++++ Data to examine

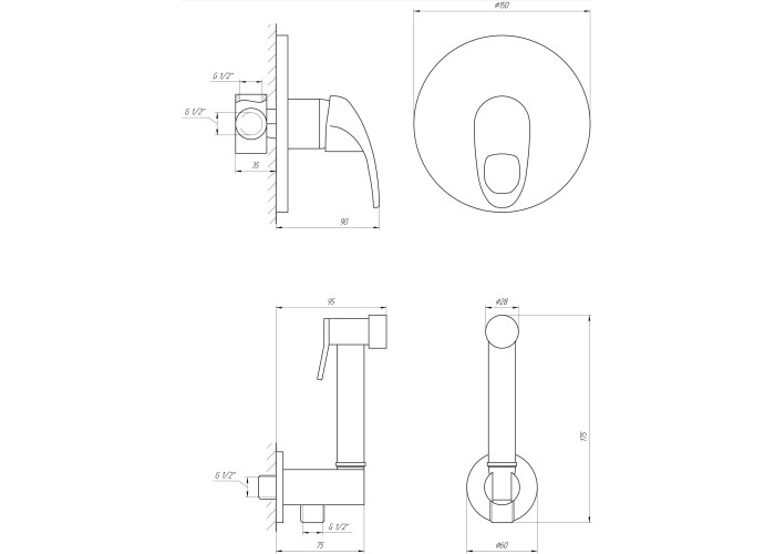 Змішувач для біде вбудований Globus Lux SENA GS-0110, гігієнічний
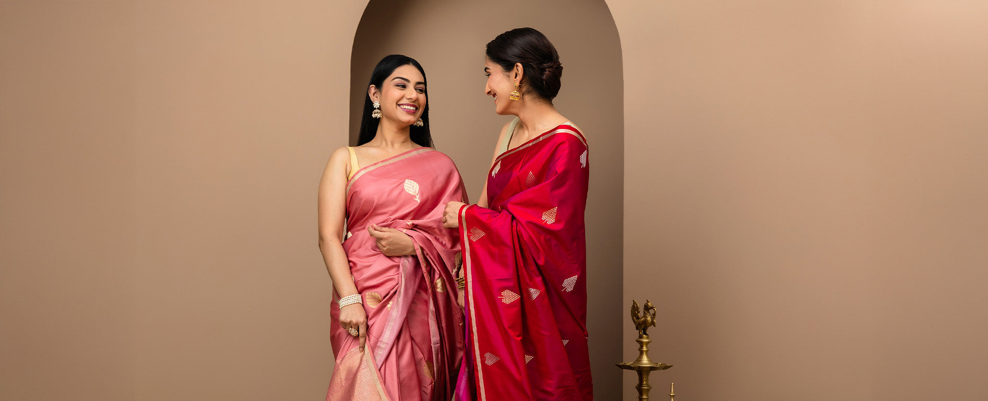 From the ancient city of Kashi, Banarasi weaving reflects centuries of regal artistry and cultural richness. Known for its luxurious silks and intricate motifs, it stands as a symbol of India’s heritage. At Smira, we reimagine these timeless designs in fresh colors and detailing, carrying forward a legacy of elegance and craftsmanship.
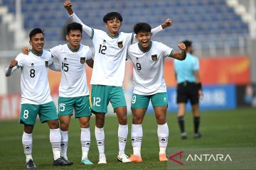 Pemain Timnas U-20 Indonesia Hokky Caraka (kanan) bersama rekan setimnya melakukan selebrasi seusai berhasil mencetak gol ke gawang Timnas U-20 Suriah dalam kualifikasi Grup A Piala Asia U-20 di Stadion Lokomotiv, Tashkent, Uzbekistan, Sabtu (4/3/2023). ANTARA FOTO/Sigid Kurniawan/pras.
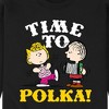 Peanuts - Time To Polka - Men's Crew Neck Fleece Pullover - From the best-loved comic strip in history comes officially licensed PEANUTS apparel for fans everywhere. Show your love for Charlie Brown, Snoopy, Woodstock, Lucy, Linus, Pigpen and the whole gang. Copyright Peanuts.
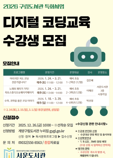[뉴스스텝] 인천 계양구 서운도서관(관장 권문혁)은 초등학생을 대상으로 오는 2026년 1월부터 3월까지 ‘디지털 코딩 교육’을 운영한다고 밝혔다.

++++++++

#### [Exercise goal]
Starting from the line with "From the ancient" in the records above, repeat each line exactly until you have written the line with "Peanuts - Time", then stop; drop the pictures.

#### [Your solution]
 From the ancient city of Kashi, Banarasi weaving reflects centuries of regal artistry and cultural richness. Known for its luxurious silks and intricate motifs, it stands as a symbol of India’s heritage. At Smira, we reimagine these timeless designs in fresh colors and detailing, carrying forward a legacy of elegance and craftsmanship.
 Pemain Timnas U-20 Indonesia Hokky Caraka (kanan) bersama rekan setimnya melakukan selebrasi seusai berhasil mencetak gol ke gawang Timnas U-20 Suriah dalam kualifikasi Grup A Piala Asia U-20 di Stadion Lokomotiv, Tashkent, Uzbekistan, Sabtu (4/3/2023). ANTARA FOTO/Sigid Kurniawan/pras.
 Peanuts - Time To Polka - Men's Crew Neck Fleece Pullover - From the best-loved comic strip in history comes officially licensed PEANUTS apparel for fans everywhere. Show your love for Charlie Brown, Snoopy, Woodstock, Lucy, Linus, Pigpen and the whole gang. Copyright Peanuts.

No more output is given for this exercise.